Before the game, the Cardinals designated Daniel Ponce de Leon for assignment and brought up Brandon Waddell.  This was an unexpected move for me, honestly.  My Musial cohost Allen Medlock and I had talked about this at least once since the incident between Ponce and Yadi in New York and my feeling was that, even though Ponce was out of options, he was pre-arbitration and I could easily see them tendering him a league minimum contract, bringing him to spring training as depth, and if they didn’t need him letting him go.  The Cardinals don’t usually like to just let resources get away from them like that.

That said, Ponce has been–it’s hard to say anything other than bad this year.  His 6.21 ERA wasn’t exactly a fluke, since his FIP was 6.10.  His BB/9 rate was the highest of his career and his K/9 rate the lowest.  He’d not pitched that much better since returning from the injured list–an ERA of 4 but a FIP of 6.05.  You couldn’t trust him in anything but a blowout and even then, as we saw against the Mets, it could become dicey.  Michael Girsch wouldn’t say that the Yadi thing had nothing to do with the release, but it seemed like the organization didn’t factor it in a lot.  If Ponce had done that with a 3 ERA, for instance, he’d still be on the team.

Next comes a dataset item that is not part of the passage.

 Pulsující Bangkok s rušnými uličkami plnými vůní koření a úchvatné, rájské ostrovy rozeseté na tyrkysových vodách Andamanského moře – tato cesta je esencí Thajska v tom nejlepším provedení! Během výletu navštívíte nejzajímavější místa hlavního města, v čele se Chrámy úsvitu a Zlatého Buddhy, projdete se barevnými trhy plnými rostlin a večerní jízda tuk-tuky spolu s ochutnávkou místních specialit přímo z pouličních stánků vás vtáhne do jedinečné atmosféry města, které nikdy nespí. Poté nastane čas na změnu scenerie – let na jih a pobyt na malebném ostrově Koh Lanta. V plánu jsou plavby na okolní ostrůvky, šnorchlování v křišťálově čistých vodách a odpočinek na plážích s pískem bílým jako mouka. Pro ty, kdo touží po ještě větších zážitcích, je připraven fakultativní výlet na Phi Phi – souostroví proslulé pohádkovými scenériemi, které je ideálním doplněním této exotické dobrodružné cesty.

Waddell was an interesting choice to bring up, not that I’m going to complain about the Patron Pitcher TNG showing back up on the roster.  The bullpen is fairly full of lefties already–Waddell is the fifth behind Genesis Cabrera, Kwang Hyun Kim, McFarland, and Andrew Miller–and he didn’t overwhelm in his first stint with the club.  He was doing well at Memphis but he had only 10 innings there.  It wasn’t someone that they just had to bring up or hole that really needed filling.  I’d be surprised if Waddell pitches more than two innings the rest of the way.

Jake Woodford, who was originally expected to go yesterday before it was discovered that Lester is on the same “every fifth day no matter what” schedule that Adam Wainwright is on, goes tonight against Brandon Woodruff.  The names are similar, the pitchers are not.  It would not be a surprise if the winning streak stopped tonight, but even if it does, it’s been a great ride!